# What finish for this box?



## boxer (Sep 15, 2004)

I am about done with a Leopardwood box. Some of the other woods used are: Wenge, Canarywood, Zebrawood, & Bloodwood. I am going to finish with a danish oil, and was wondering if I could/should put a lacquer finish on top. Maybe BLO to pop the grain and then lacquer? I really want the leopardwood to jump out at me. All thoughts welcome.
Thanks, Kevin


----------



## jerrymayfield (Sep 25, 2004)

If the oil finish is completely dry it can be top coated with lacquer. It seems like aextra work to me. Why not just lacquer ?.

Regards

Jerry


----------



## boxer (Sep 15, 2004)

I always heard that BLO really makes the grain "pop", but offers no real protection. I think I am going with the danish oil finish. I really like the natural look of it, plus I've gotten kinda lazy. Thanks Jerry
Kevin


----------



## delroy33 (Sep 10, 2004)

HI:
I make a lot small chests and other styles of boxs most out of Brazilian Cherry.

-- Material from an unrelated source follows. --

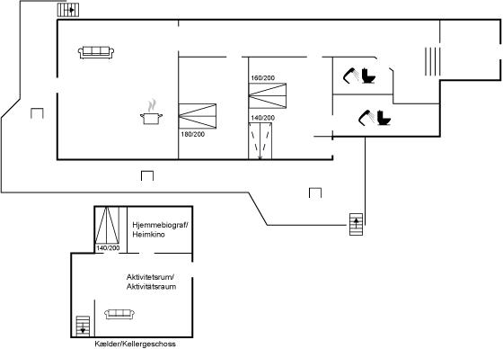 I kælderen er der stort aktivitetsrum med bl.a. hjemmebiograf og andre aktiviteter. Man kan benytte den opstillede X-box eller medbringe sin egen spillekonsol og koble denne til det store TV i hjemmebiografen.

I have used Frombys, danish oil Minwax (wipe on) tryed blo etc. But what i found 

best is *General Finishes Oil & Urethane topcoat*. Its a wipeon and easy to use.

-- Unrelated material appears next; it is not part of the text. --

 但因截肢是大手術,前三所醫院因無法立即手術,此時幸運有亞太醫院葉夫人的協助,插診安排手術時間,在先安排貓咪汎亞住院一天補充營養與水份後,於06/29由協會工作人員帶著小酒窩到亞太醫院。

It realy brings out the grain and depth.


----------



## jerrymayfield (Sep 25, 2004)

The general finishes called sealers are an oil varnish (danish oil) the topcoat is a polyurethane varnish.

Regards

Jerry


----------



## boxer (Sep 15, 2004)

I hate to hi-jack my own thread, but I was finishing another box (curly maple) with danish oil when I discovered a spot of chip-out. Sanding is not an option. Is it still feasable to fill in this spot, or do I just put it on the discount table. Man, *that* table is filling up alot faster than the good table.


----------



## Mike (Nov 22, 2004)

Kevin, you can do amazing things with products from Mohawk. You can fill in a gouge or divot with a fill stick, apply a thin coat of lacquer and then reconstruct the color and grain with their wide arsenal of products.
http://www.mohawk-finishing.com/default.asp


----------



## mike hide (May 19, 2006)

Do they still have a monimum charge of $25, oris it higher nowadays...mjh


----------



## Mike (Nov 22, 2004)

I'm not sure Mike. I worked at a waterbed store and was always touching up scratches the customers furnished. The store manager had previously worked for Art Van furniture and saw I had the touch for it. He got me a professional refinishing kit and it was kept stocked for me by a sales rep. With a couple weeks practice I was making invisible repairs. Rockler now offers similar products. Refinishing products are not cheap, but to rescue a project you have invested time and money in can be worth the price. You can also supplement your income making repairs for others.


----------